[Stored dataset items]
= = = =
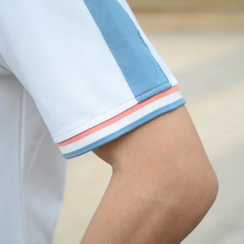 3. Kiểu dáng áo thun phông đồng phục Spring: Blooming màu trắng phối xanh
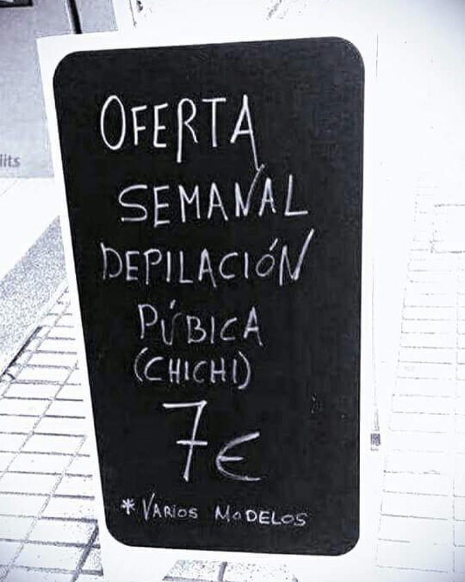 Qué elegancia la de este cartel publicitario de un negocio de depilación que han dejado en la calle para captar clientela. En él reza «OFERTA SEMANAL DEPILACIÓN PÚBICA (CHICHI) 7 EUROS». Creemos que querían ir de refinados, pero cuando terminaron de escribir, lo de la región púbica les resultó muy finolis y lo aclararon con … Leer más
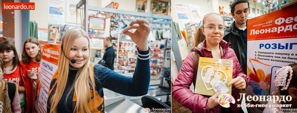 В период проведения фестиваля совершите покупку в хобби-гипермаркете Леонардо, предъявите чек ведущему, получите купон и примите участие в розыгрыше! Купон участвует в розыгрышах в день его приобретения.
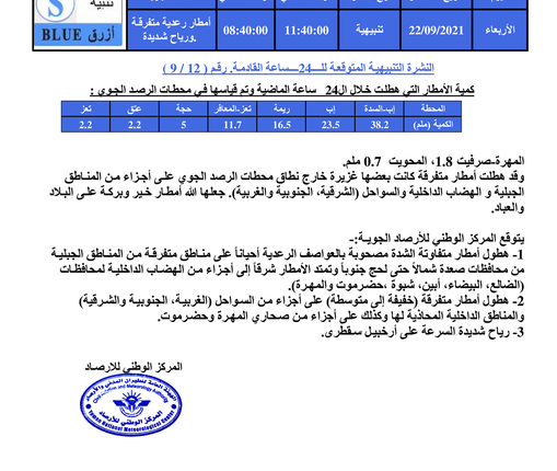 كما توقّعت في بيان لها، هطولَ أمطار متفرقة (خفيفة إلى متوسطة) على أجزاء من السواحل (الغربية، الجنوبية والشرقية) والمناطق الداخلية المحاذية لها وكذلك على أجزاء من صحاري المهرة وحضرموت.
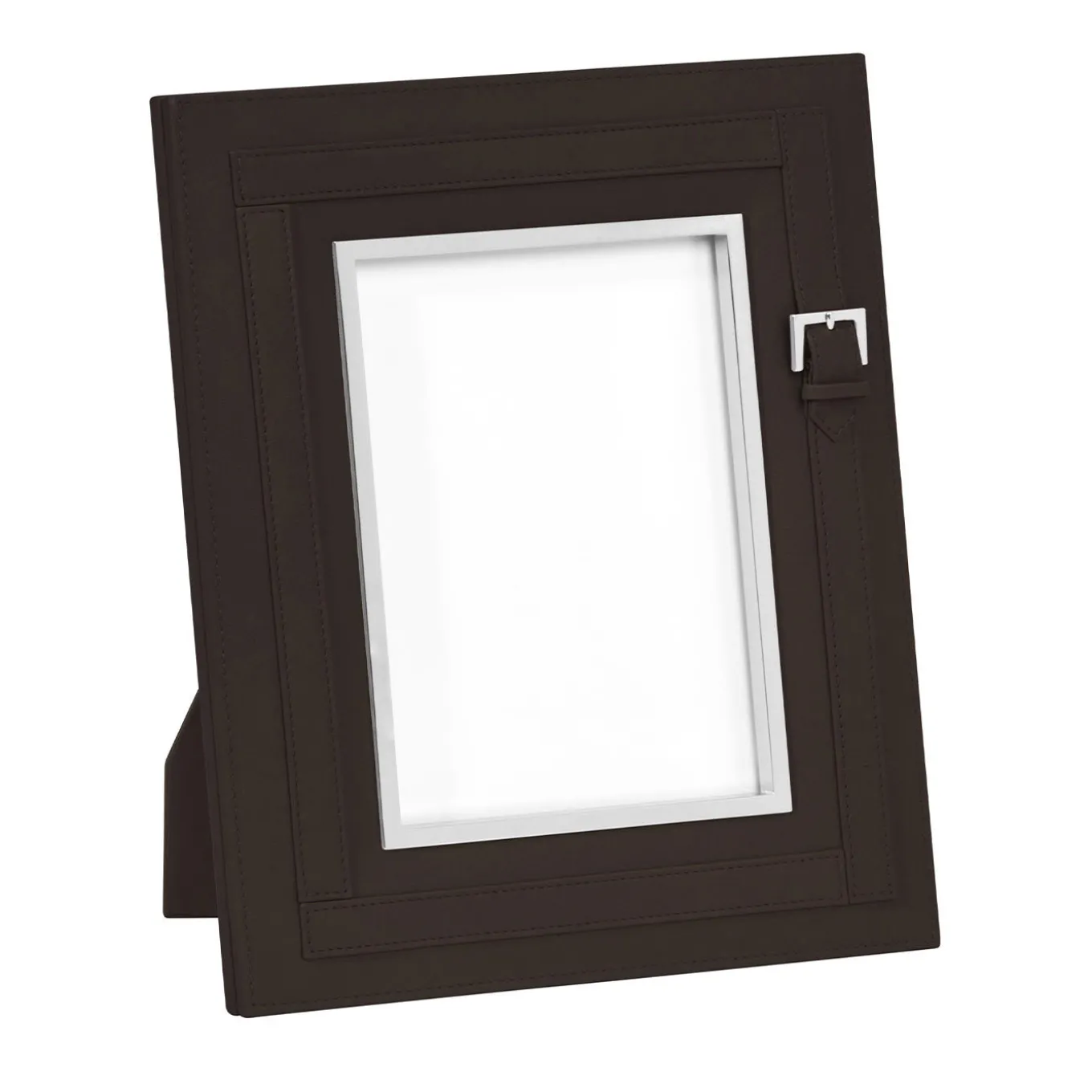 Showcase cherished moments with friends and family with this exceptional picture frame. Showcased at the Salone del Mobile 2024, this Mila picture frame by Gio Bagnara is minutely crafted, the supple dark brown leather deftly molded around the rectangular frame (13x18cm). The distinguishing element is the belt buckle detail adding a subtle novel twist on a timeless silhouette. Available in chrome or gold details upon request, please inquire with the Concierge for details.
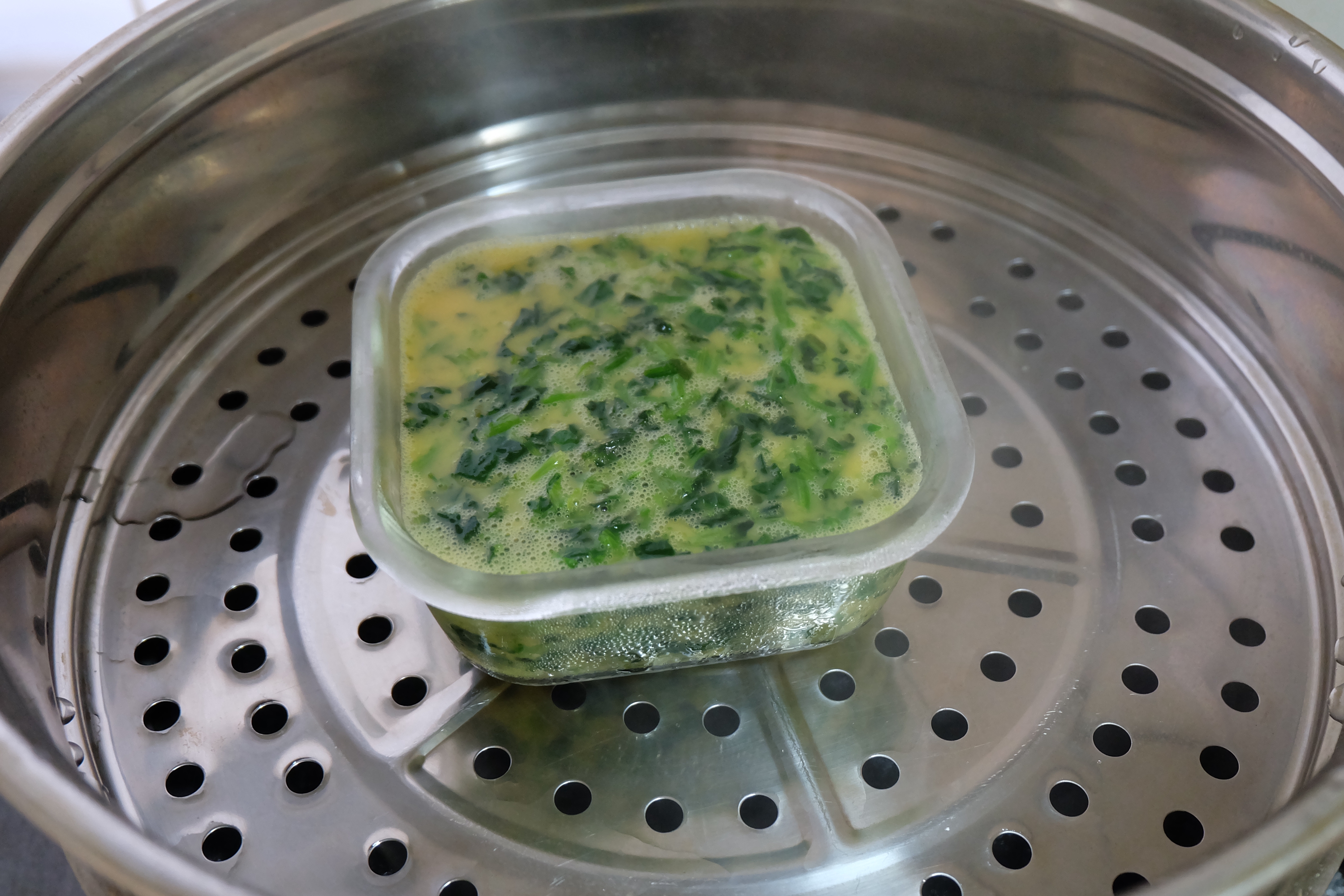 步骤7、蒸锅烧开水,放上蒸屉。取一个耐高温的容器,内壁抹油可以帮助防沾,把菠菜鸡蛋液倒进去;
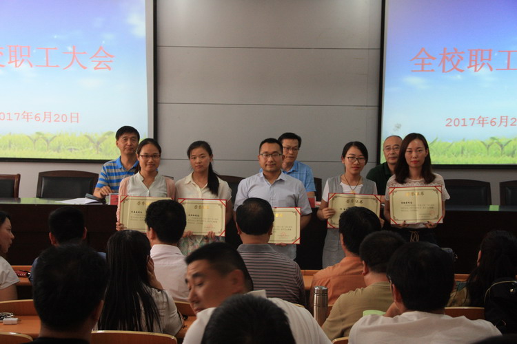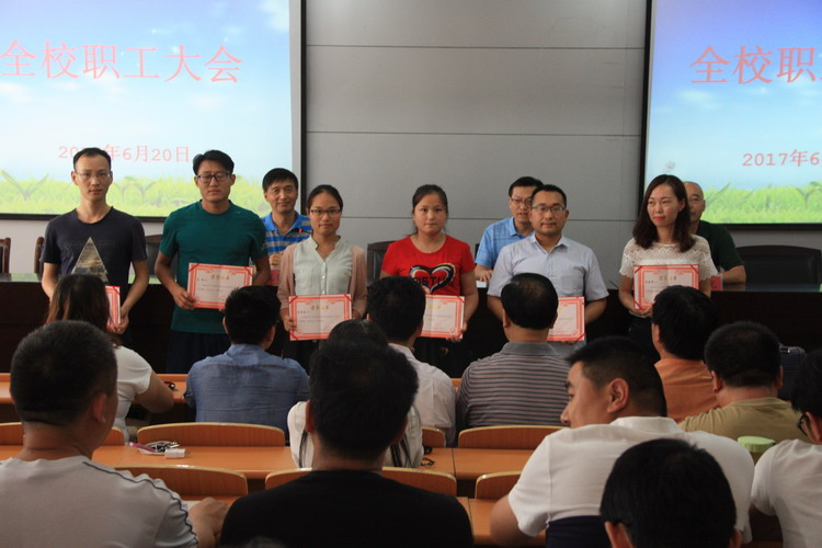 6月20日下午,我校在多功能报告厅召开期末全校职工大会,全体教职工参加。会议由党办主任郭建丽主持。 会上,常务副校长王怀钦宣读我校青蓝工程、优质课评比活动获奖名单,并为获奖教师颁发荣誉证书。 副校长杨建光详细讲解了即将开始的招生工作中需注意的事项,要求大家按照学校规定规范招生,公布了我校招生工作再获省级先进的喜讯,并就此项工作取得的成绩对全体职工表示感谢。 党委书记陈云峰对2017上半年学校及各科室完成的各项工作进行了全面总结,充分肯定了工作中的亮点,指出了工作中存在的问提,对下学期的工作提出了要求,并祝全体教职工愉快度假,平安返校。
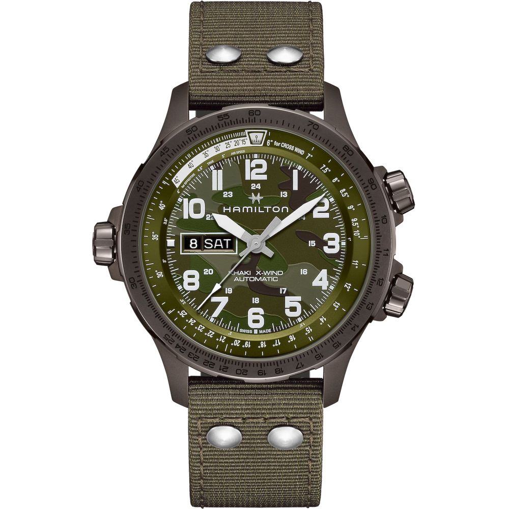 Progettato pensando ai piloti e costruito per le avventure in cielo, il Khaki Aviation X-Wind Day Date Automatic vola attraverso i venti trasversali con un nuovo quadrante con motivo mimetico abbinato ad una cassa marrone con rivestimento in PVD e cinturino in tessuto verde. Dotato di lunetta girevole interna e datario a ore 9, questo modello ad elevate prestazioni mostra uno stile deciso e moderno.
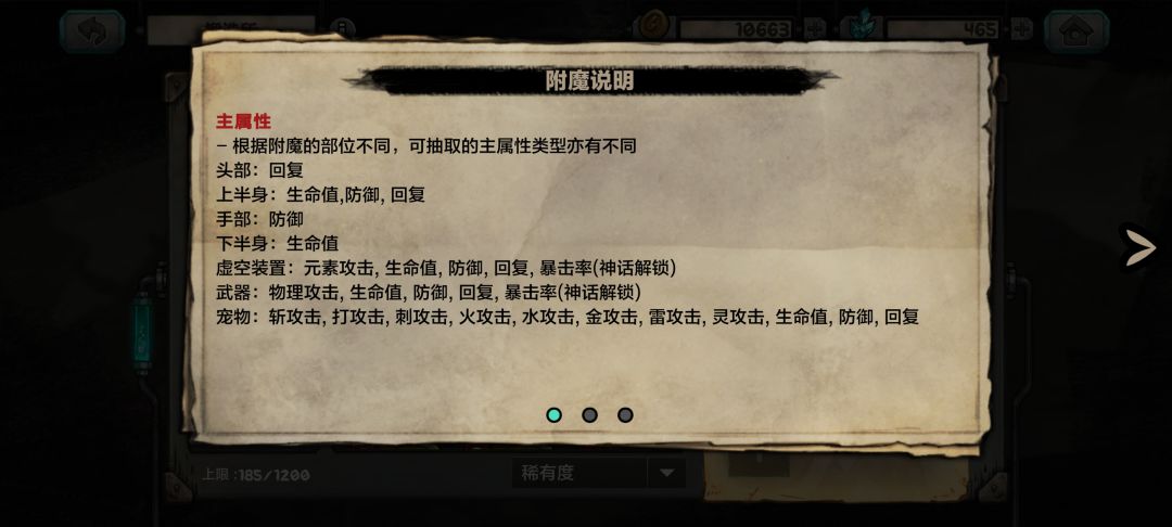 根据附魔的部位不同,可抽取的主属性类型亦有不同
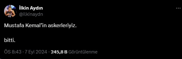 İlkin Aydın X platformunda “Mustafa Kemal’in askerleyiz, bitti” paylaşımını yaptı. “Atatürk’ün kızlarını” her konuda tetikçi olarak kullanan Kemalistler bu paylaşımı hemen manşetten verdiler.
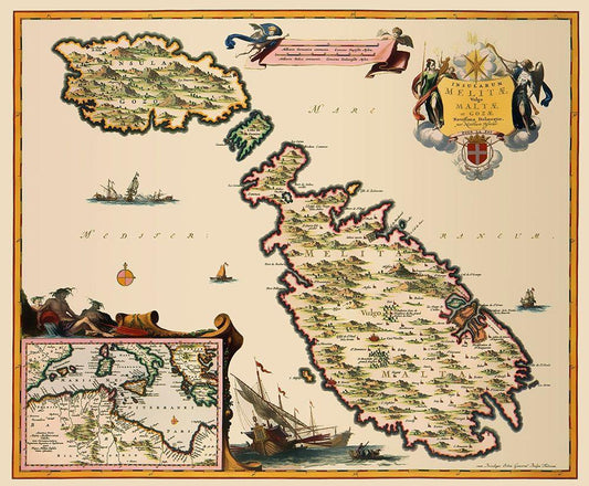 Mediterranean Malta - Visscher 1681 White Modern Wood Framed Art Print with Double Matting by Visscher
= = = =
### Task to complete:
Retype word for word the span of lines above that begins with the line containing "根据附魔的部位不同,可抽取的主属性类型亦有不同" and ends with the last line of the records; skip all pictures.

### Answer for the task:
 根据附魔的部位不同,可抽取的主属性类型亦有不同
 İlkin Aydın X platformunda “Mustafa Kemal’in askerleyiz, bitti” paylaşımını yaptı. “Atatürk’ün kızlarını” her konuda tetikçi olarak kullanan Kemalistler bu paylaşımı hemen manşetten verdiler.
 Mediterranean Malta - Visscher 1681 White Modern Wood Framed Art Print with Double Matting by Visscher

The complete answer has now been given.